Above: Astilbe. Photo by bluebudgie on Pixabay.
Spring has sprung and the garden centers are bursting at the seams with new plants to add to your garden and landscape. Why not get the most bang for your buck by adding perennials to your garden?
Perennials come back every year, so once they’re established, they’ll make a permanent home in your garden. Annuals are great for instant color, but they only last one growing season. Plant perennials and you’ll be able to enjoy them for years to come.
Prepare for the plants
When planting perennials, you want to choose a suitable site. Many require full sun, but others prefer the shady spots in your garden.
Before you choose a well-suited perennial, you’ll need to get the soil in shape. Most plants prefer well-drained soils full of organic matter. Planting perennials into untreated Georgia clay most likely will result in poorly grown and unhealthy plants.
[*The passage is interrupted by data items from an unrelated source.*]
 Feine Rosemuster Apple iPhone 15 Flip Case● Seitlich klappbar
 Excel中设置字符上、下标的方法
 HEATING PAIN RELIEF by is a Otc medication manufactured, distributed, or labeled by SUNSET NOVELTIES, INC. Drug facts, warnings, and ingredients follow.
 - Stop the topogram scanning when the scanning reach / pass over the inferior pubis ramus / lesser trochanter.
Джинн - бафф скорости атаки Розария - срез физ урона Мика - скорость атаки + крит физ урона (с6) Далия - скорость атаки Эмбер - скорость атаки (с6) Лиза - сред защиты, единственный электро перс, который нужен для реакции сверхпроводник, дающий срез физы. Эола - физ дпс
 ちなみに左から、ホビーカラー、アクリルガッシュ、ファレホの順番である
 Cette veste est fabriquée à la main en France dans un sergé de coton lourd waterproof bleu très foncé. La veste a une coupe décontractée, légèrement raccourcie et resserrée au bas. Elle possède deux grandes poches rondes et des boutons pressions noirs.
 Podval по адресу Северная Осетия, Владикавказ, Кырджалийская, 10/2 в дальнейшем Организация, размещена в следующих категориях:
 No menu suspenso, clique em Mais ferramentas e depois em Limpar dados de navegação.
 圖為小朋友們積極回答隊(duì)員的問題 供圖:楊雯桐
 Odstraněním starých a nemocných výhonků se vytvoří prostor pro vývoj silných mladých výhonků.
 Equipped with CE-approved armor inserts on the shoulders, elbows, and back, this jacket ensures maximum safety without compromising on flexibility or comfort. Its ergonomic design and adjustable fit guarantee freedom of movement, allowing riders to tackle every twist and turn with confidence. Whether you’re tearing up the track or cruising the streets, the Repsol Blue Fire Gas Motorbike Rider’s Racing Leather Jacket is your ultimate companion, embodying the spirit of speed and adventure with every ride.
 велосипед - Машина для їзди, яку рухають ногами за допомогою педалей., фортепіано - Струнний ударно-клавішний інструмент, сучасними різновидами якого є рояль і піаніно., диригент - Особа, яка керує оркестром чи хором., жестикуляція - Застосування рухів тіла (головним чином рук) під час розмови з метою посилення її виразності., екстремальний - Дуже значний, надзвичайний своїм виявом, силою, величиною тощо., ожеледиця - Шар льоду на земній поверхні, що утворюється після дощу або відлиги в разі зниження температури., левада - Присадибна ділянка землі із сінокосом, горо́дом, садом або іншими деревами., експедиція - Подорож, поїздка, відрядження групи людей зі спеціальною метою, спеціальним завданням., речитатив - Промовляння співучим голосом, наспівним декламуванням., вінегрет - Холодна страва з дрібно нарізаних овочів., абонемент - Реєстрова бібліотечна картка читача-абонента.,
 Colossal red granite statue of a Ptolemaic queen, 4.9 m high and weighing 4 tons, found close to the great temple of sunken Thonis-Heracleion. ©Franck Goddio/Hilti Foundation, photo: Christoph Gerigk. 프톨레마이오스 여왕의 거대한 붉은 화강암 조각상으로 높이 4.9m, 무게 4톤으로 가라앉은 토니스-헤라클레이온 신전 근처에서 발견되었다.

To get started, you need to break up the soil, add some good compost or topsoil and combine them together. You also can add some slow-release fertilizer to start.
Pick your plants
When selecting perennials, be sure to check the tag to make sure they’re suited for the spot you’ve chosen and prepared. If you have a sunny spot, make sure to select a plant that can take full sun. The same goes for shade or part-shade.
Some popular perennials for Georgia are:
- Heuchera: Valued for its very colorful foliage, it does well in shade to partial shade.
- Purple Coneflower, Rudbeckia, Shasta Daisy: These make great cut flowers with purple, yellow and white blooms, and they prefer full sun.
- Salvia: With blooms that last summer through fall, the tall flower spikes can tolerate partial shade to sun.
- Astilbe: These have feathery flower spikes that can tolerate shade to partial shade.
- Ajuga: A low growing ground cover with green to bronze foliage, it’s good for shade to partial shade.
These are just a few of the many perennials recommended for Georgia. You can plant perennials in masses, along borders or to add some pops of color here and there in your landscape. Water them well when they’re first planted to help get them established and add fertilizer every 6 to 8 weeks.